Massage as a way to heal cuts across all cultural lines and traditions developed in both the Eastern and Western world. Rubbing sore muscles, aches, and pains originates all the way back to the beginnings of man. Cave paintings depict rituals for casting out spirits and diseases, and many times the paintings showed massages.
China has a four-thousand-year tradition of massage therapy and having massage therapy schools. In 2300 BC, massage therapy was included in The Yellow Emperor’s Classic of Internal Medicine for several chapters and demonstrated that it was a well-developed technique for healing. Modern hospitals in China that specialize in traditional Chinese medicine still have massage as an intricate part of a patient’s treatment. For two thousand years, the Chinese have used Tui Na (better known as Oriental Bodywork Therapy) to treat pain in muscles and joints.
The Father of Medicine, Hippocrates (460–337 BCE), was an advocate of massage. Hippocrates referred to massage as friction or rubbings. In his writings he states, “Rubbing has the effect [of] relaxing, constricting, thickening, and thinning.†Greece had an extensive athletic tradition demanding that physicians keep athletes in top condition for competition. Greek physicians used massage to relieve muscle fatigue after an event. Later the Greeks begin to use massage for intestinal ailments, and by the time the famous physician Galen appeared (131–201 CE), massage had become a mainstay of Greek medicine.
Galen was a physician to Roman gladiators, but his abilities to heal were noticed by the nobility of Rome. Eventually Galen and his massage techniques were ministered to several Roman emperors including Julius Caesar.
India used massage for healing as well, but it was referred to as shampooing. Alexander the Great passed through the region around 327 BCE. His soldiers brought back the techniques when they returned home. Indian massage integrated into Greek, Roman, and Turkish traditions. In modern times, Indian masseurs travel in cities’ common areas offering massages.
After the fall of the Roman Empire, the Christian church continued the tradition of massage therapy. Healing touch has always been a part of many religions in aiding the sick, dying, or disabled. Women during the Middle Ages and the Renaissance took on the role of healers and massagers in sisterly orders that focused on caring for the sick.

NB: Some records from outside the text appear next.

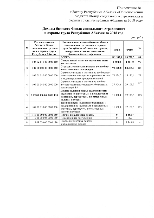 Постановление Кабинета Министров Республики Абхазия от 27.03.2019 №41 "Об исполнении бюджета Фонда социального страхования и охраны труда Республики Абхазия за 2018 года"
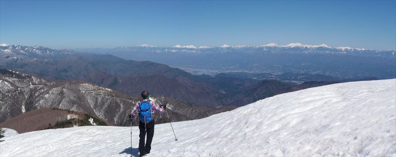 雪庇の横を下る
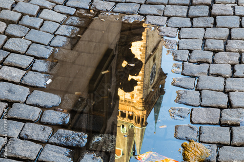 © Vivida Photo PC, Fototapeta premium Astronomical clock in Prague in puddle
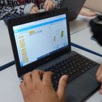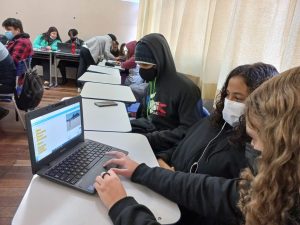 A partir daí, os professores começaram a treinar uma turma de alunas, por meio das bolsistas mais antigas. Assim foi possível participar da Semana Scratch, com a criação de um diálogo com as premissas do PEI, usando a linguagem Scratch.
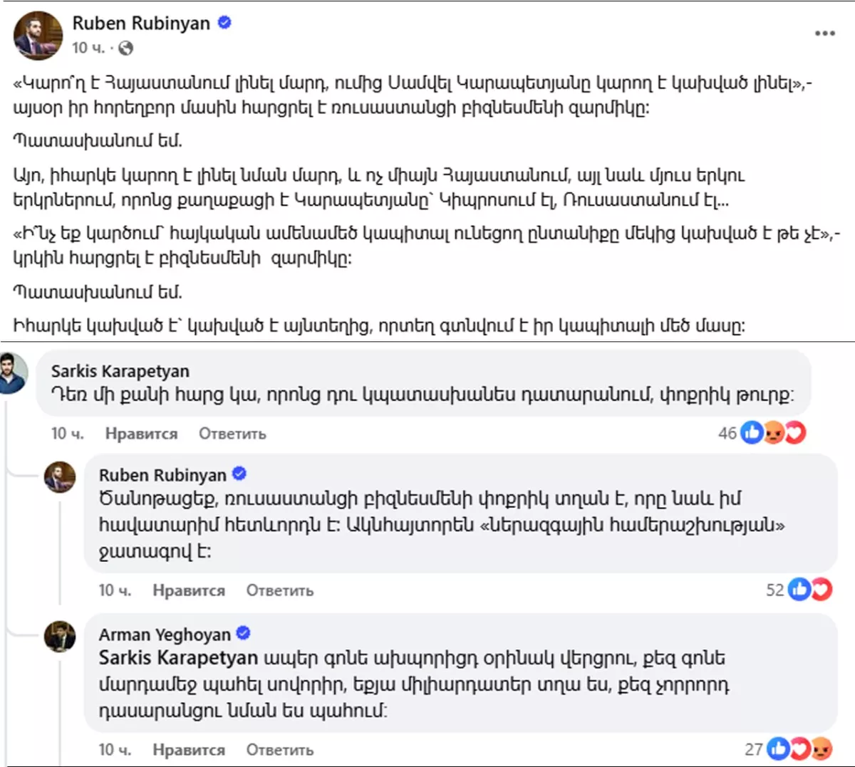Вчера вице-спикер парламента Армении Рубен Рубинян ответил на вопросы, которые в надежде на безответность ранее задавал племянник арестованного российского олигарха Самвела Карапетяна Нарек Карапетян.
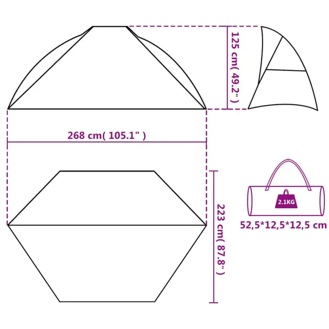 vidaXL Šotor za na plažo morsko zelen 268x223x125 cm 185T poliester

In the Arab world, the physicians Al-Razi and Ibn Sina wrote medical books outlining treatments in which massage therapy was a mainstay.
In the 1800s, medicine became more professional, and formalized nurses were trained in massage therapy. John Kellogg’s (as in Kellogg’s Corn Flakes) nursing school (one of the first nursing schools in the country) had a curriculum that uses a manual called The Art of Massage. Also, in the early part of the twentieth century, nurses gave a nightly backrub to patients to help induce relaxation and ease sleep.
However, by the 1950s, massage therapy had nearly disappeared in the medical establishment. Massage therapy had moved out into the community, and massage therapists began starting their own businesses. In the 1980s, the medical establishment began to actively seek out the services of massage therapists to help supplement treatment programs for an aging population.
Today, massage therapy has moved back into mainstream medicine with the rise of specialists, such as physical therapists, sports medicine therapists, and licensed massage therapists. Massage therapy is an alternative to expensive drug therapies. Research is proving its personal touch matters, and techniques for some disorders is as effective as many common drug treatments.